Через десять лет после прочтения романа оказалось, что моя заграничная френдесса Маша
maria_amor - дочь Светланы Шенбрунн. Вследствие этого у меня снова есть книжка: Маша подарила. Я сейчас перепечатаю из книжки чуть-чуть про бабушку; бабушка мой любимый персонаж, альтернативный символ дореволюционной России, так сказать.
Сороковые годы, эпизод воссоединения бабушки с семьёй.
Мама с Еленой Николаевной втаскивают бабушкин багаж - два сундука. Елена Николаевна уходит, а мама открывает сундуки. В одном лежит картина.
- Это Жорж рисовал! - объясняет бабушка. - До войны. Называется "Оленьчики". Вот здесь написано. - Она переворачивает картину и показывает надпись: "Нарисовано в Минске в ночь на 19 апреля 1934 года за один час семнадцать минут зубной щёткой".
- И ты ничего лучшего не придумала, как привезти эту гадость сюда, - говорит мама.
- Почему гадость? - обижается бабушка. - Это не гадость. Я у себя над постелью повешу.
- И не думай - ни в коем случае! Чтобы у меня в комнате висела такая пакость!..
- Это не пакость! - не сдаётся бабушка. - Это память о покойном муже.
- Помни его так!..
Мама открывает другой сундук. Здесь лежат железное блюдечко, зелёная стеклянная ваза для цветов, сломанный веер, веночек из пожелтелых бумажных роз и фиолетовая шелковая плиссированная юбка, от ветхости распавшаяся на ленты.
- Стоило везти в такую даль... - мама поджимает губы.
Бабушка защищает юбку:
- Я за неё в пятом году тры рубля золотом отдала!
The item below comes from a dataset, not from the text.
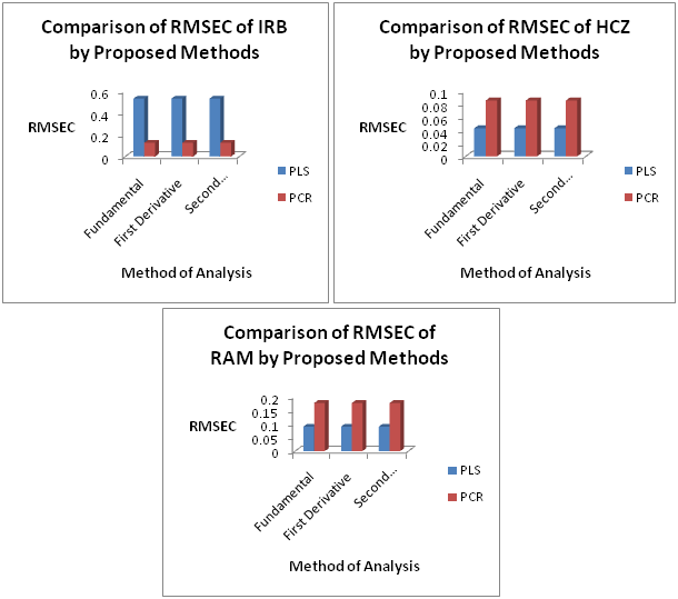 Figure 3 Comparison of Root Mean Square Error of Calibration (RMSEC) of PLS and PCR models for Fundamental (D0), First Derivative (D1) and Second Derivative (D2) Spectra.

- Ну пойди возьми свои "тры" рубля обратно!
- Можно сделать абажур!
- Ну конечно!.. Подтереться, извините за выражение, и то нечем!
Бабушка плачет.
- У меня было много! Я Сашке снесла, когда большевики дом отняли...
- Какой дом? Какие большевики? Дом ты проиграла в карты ещё до революции! Ты думаешь, я не помню, как отец на тебя орал?
- Да, орал, - соглашается бабушка. - Но вещи я снесла к Сашке. А Маруська после обокрала. А вазочку Сашка подменил. Разве моя была такая!..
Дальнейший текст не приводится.